**Exercise objective**
Exactly reproduce all the records, keeping pictures out of the copy.

**Entries supplied**

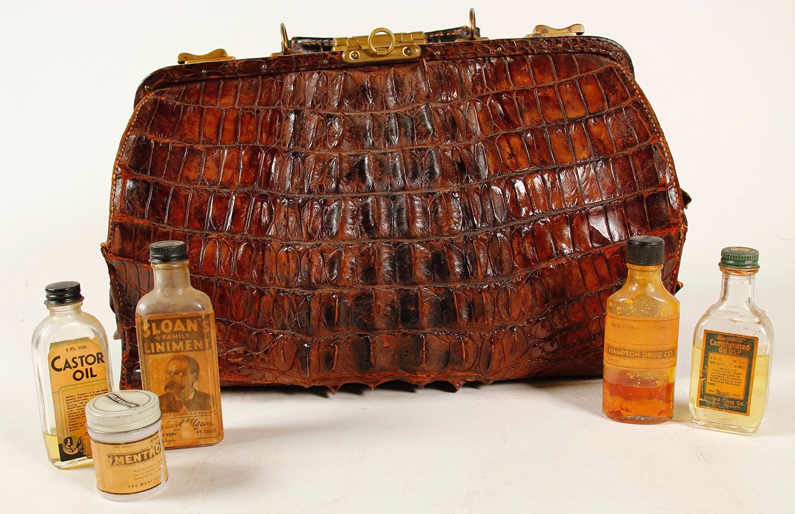 Antique / early vintage Alligator Gladstone satchel travel bag, Edwardian - 1920s. Possibly a doctor's bag-some bottles inside, 10" x 16" x 7.5". This particular Gladstone would have been one of the more expensive available back in the day, as it features the wonderful raised hornback alligator skin on both the front and back, as well as both sides/ends. The matching skin covered padded handle, nice brass fittings, substantial frame and excellent fine smooth leather interior lining are all additional indicators of fine, high quality craftsmanship. Cracks and tears on ends.The hard red interior leather remains quite nice, with no rips or tears and still feels soft and smooth, like kid, or similar high quality. It is quite clean with no significant stains, HWAC# 57842 Date: c.1920's Location:
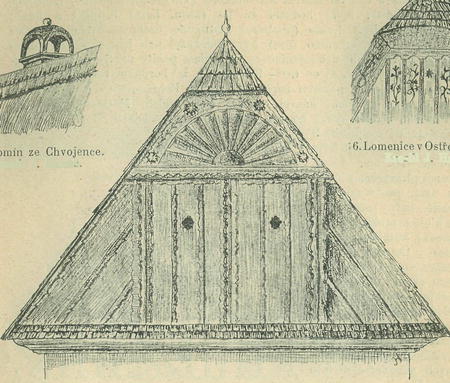 Jak vybito bylo horní a dolní bednění řezanicemi, více neb méně ozdobnými, záleželo na krasochuti budovatelů, jak ukazují vyobrazení. Lomenice vsí při Labi mají v horním bednění středovou ozdobu. V horním a dolním bednění porůzně vyřezány jsou ďoury (světlíky) ku osvětlování hůry; obrys jich jest obdélník, kružnice, ellipsa, vocasatiee (ve způsobu s), kříž, kalich. Na kukle, vyčnívající nad celou lomenicí, trčí makovice, plechový kohoutek (Veliny, Lhota, Semín) neb vrzátko s praporem neb hvězdou. Makovice má špici, báň a sedlo, velká bývá 23 coulů (61 cm.) a tvaru rozmanitého. Když se makovička přibíjela, dán byl pod sedlo peníz dle zámožnosti budovatele, rejnský neb tolar, aby hrom byl zaplacen. Hojně makoviček luzných jest v Holicích; nékleré mají na
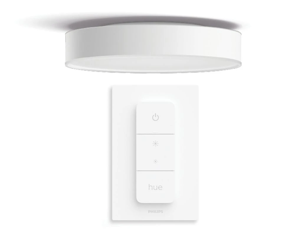Extra-large ceiling light, suitable for illuminating wide areas, such as combination living/dining rooms. Casts a ring of warm-to-cool white light against the ceiling and a powerful glow below. Control via Philips Hue app and set up hands-free voice control. Add a Hue Bridge (sold separately) for additional features.
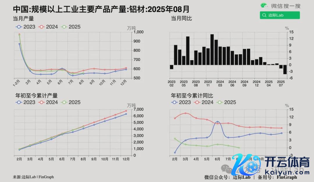 ·8月份世界限制以上工业铝材产量同比下降4.2%,创下2022年以来最大单月降幅。2025年1至8月,世界铝材累计产量为4379.0万吨,累计同比抓平(0.0%)。
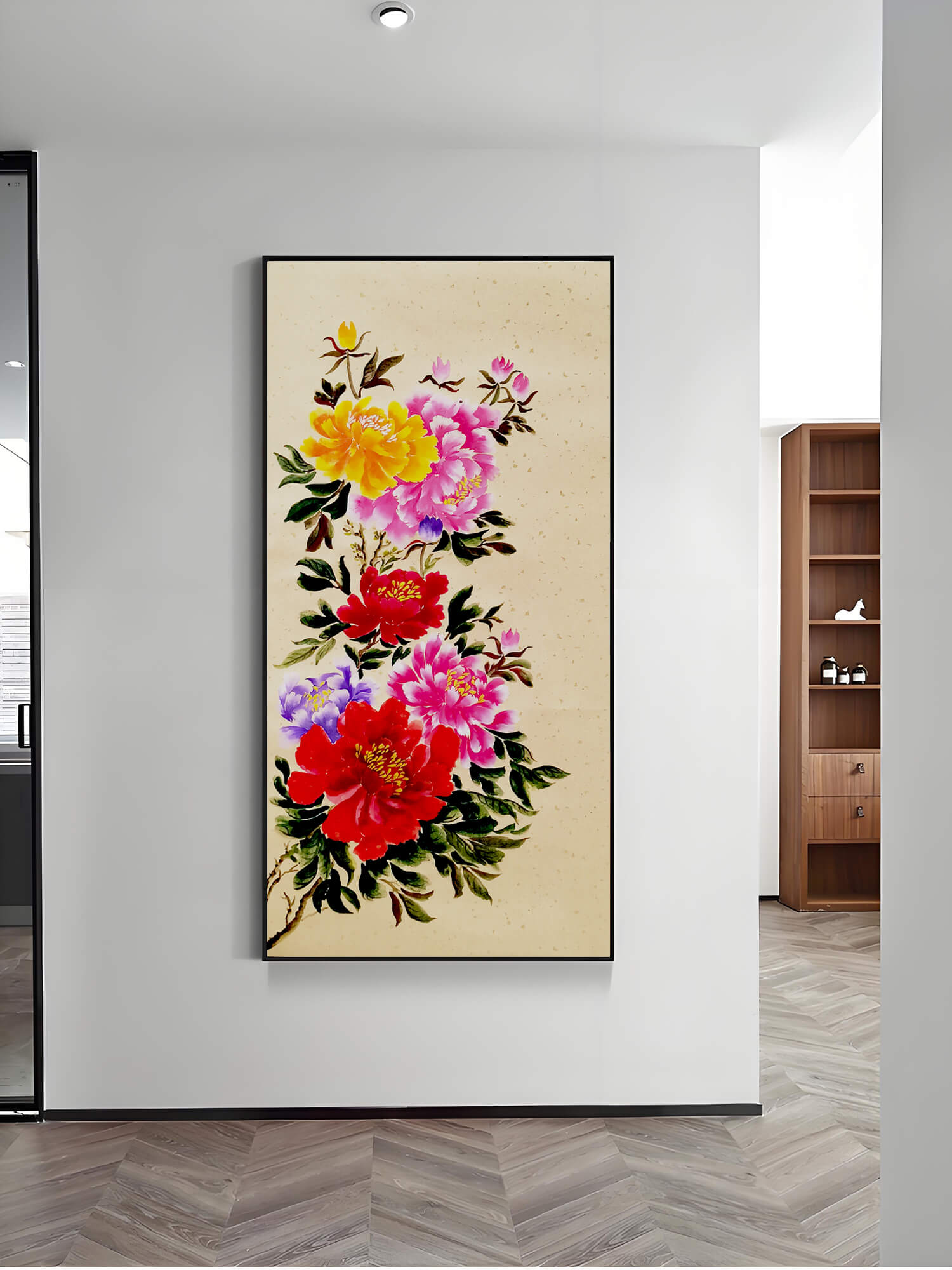 纯手绘工笔重彩,画家倾心绘制六朵盛放牡丹,层层晕染,花瓣娇嫩欲滴,枝叶灵动舒展,金蕊点缀其间,寓意“富贵吉祥、繁荣满堂”。
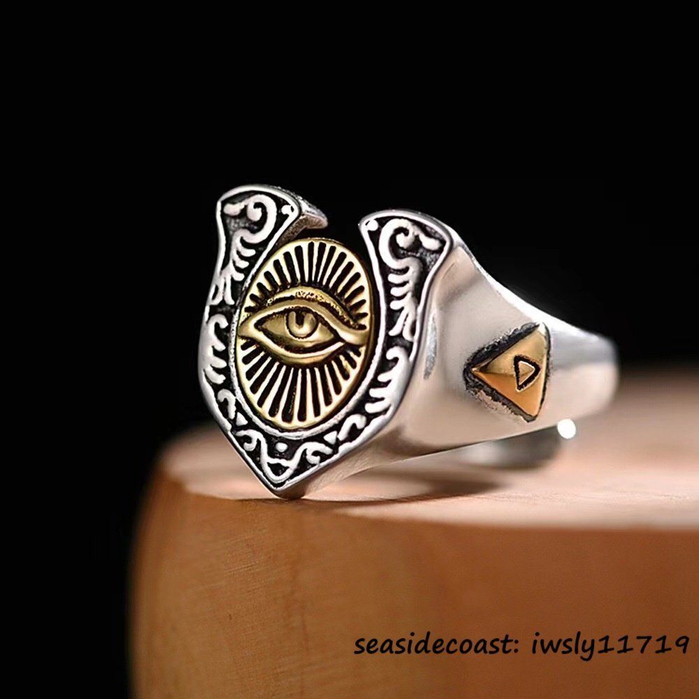 - 1円~◆新品 シルバー925 リング ドクロ 知恵の目 幸福 祈り 幸せ ファッション 指輪 アクセサリー 男女兼用レディース サイズ調整可

**Final answer**
 Antique / early vintage Alligator Gladstone satchel travel bag, Edwardian - 1920s. Possibly a doctor's bag-some bottles inside, 10" x 16" x 7.5". This particular Gladstone would have been one of the more expensive available back in the day, as it features the wonderful raised hornback alligator skin on both the front and back, as well as both sides/ends. The matching skin covered padded handle, nice brass fittings, substantial frame and excellent fine smooth leather interior lining are all additional indicators of fine, high quality craftsmanship. Cracks and tears on ends.The hard red interior leather remains quite nice, with no rips or tears and still feels soft and smooth, like kid, or similar high quality. It is quite clean with no significant stains, HWAC# 57842 Date: c.1920's Location:
 Jak vybito bylo horní a dolní bednění řezanicemi, více neb méně ozdobnými, záleželo na krasochuti budovatelů, jak ukazují vyobrazení. Lomenice vsí při Labi mají v horním bednění středovou ozdobu. V horním a dolním bednění porůzně vyřezány jsou ďoury (světlíky) ku osvětlování hůry; obrys jich jest obdélník, kružnice, ellipsa, vocasatiee (ve způsobu s), kříž, kalich. Na kukle, vyčnívající nad celou lomenicí, trčí makovice, plechový kohoutek (Veliny, Lhota, Semín) neb vrzátko s praporem neb hvězdou. Makovice má špici, báň a sedlo, velká bývá 23 coulů (61 cm.) a tvaru rozmanitého. Když se makovička přibíjela, dán byl pod sedlo peníz dle zámožnosti budovatele, rejnský neb tolar, aby hrom byl zaplacen. Hojně makoviček luzných jest v Holicích; nékleré mají na
Extra-large ceiling light, suitable for illuminating wide areas, such as combination living/dining rooms. Casts a ring of warm-to-cool white light against the ceiling and a powerful glow below. Control via Philips Hue app and set up hands-free voice control. Add a Hue Bridge (sold separately) for additional features.
 ·8月份世界限制以上工业铝材产量同比下降4.2%,创下2022年以来最大单月降幅。2025年1至8月,世界铝材累计产量为4379.0万吨,累计同比抓平(0.0%)。
 纯手绘工笔重彩,画家倾心绘制六朵盛放牡丹,层层晕染,花瓣娇嫩欲滴,枝叶灵动舒展,金蕊点缀其间,寓意“富贵吉祥、繁荣满堂”。
 - 1円~◆新品 シルバー925 リング ドクロ 知恵の目 幸福 祈り 幸せ ファッション 指輪 アクセサリー 男女兼用レディース サイズ調整可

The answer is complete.